Task details
Write out the lines of the material below exactly, beginning at the line with "Trois colonnes jumelées" and stopping after the line with "sieve ring. |", and leave out the pictures.

++++ Provided material

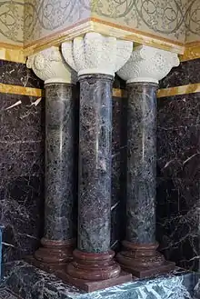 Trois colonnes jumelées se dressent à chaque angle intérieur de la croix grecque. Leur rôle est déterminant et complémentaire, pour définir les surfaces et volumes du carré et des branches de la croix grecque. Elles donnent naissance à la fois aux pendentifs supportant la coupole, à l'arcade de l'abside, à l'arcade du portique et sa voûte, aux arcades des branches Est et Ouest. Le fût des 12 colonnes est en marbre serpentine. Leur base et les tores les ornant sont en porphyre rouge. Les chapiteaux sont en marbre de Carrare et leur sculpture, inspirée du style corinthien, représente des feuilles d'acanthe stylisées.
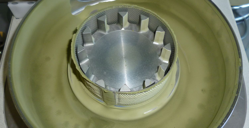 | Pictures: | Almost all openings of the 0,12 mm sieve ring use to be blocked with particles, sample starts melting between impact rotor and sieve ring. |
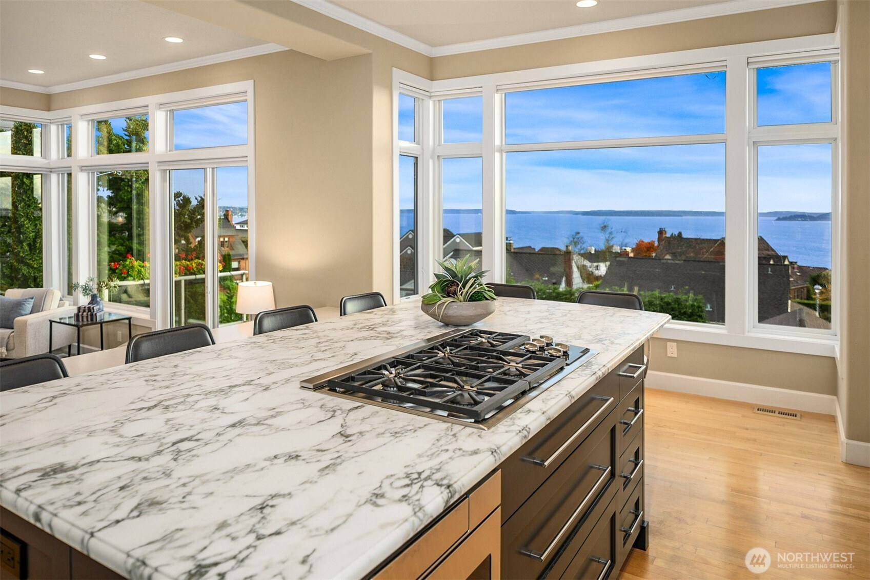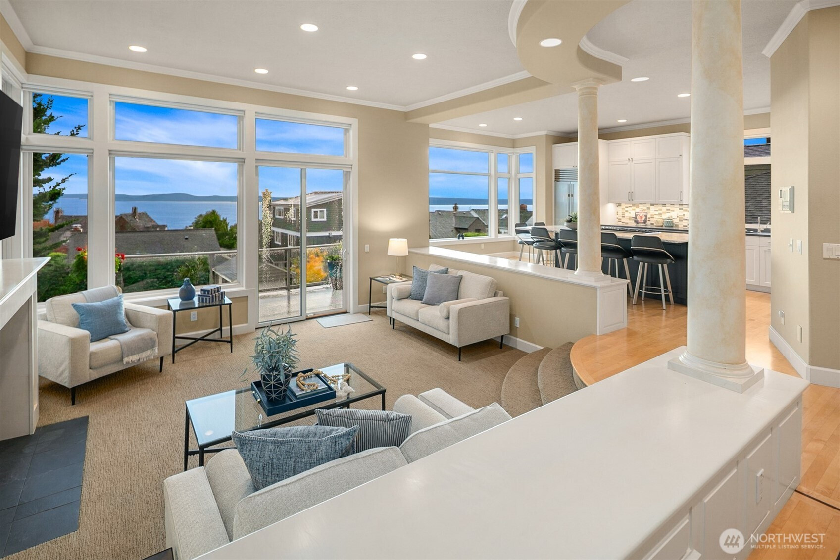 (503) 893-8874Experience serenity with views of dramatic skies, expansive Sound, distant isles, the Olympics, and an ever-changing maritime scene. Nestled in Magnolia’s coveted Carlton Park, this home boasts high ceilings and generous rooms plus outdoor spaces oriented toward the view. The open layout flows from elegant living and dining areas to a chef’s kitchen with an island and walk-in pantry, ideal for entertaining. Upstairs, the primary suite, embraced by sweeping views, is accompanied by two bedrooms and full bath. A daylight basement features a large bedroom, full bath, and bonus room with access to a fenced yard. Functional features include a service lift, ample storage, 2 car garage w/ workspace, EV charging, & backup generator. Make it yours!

++++++++
++++ Provided material

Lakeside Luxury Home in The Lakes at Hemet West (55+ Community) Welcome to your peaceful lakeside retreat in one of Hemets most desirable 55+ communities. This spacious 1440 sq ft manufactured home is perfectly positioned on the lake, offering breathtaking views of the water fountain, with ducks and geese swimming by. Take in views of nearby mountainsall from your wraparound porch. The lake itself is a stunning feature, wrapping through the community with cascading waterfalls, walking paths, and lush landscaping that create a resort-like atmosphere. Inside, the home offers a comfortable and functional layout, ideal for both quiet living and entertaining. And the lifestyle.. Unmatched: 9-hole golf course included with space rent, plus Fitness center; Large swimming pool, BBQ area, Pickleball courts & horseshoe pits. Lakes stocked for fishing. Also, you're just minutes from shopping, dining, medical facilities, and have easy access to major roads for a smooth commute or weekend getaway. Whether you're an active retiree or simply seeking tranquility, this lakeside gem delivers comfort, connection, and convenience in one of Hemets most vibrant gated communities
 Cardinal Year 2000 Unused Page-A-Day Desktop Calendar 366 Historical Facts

++++++++

Answer space
 Trois colonnes jumelées se dressent à chaque angle intérieur de la croix grecque. Leur rôle est déterminant et complémentaire, pour définir les surfaces et volumes du carré et des branches de la croix grecque. Elles donnent naissance à la fois aux pendentifs supportant la coupole, à l'arcade de l'abside, à l'arcade du portique et sa voûte, aux arcades des branches Est et Ouest. Le fût des 12 colonnes est en marbre serpentine. Leur base et les tores les ornant sont en porphyre rouge. Les chapiteaux sont en marbre de Carrare et leur sculpture, inspirée du style corinthien, représente des feuilles d'acanthe stylisées.
 | Pictures: | Almost all openings of the 0,12 mm sieve ring use to be blocked with particles, sample starts melting between impact rotor and sieve ring. |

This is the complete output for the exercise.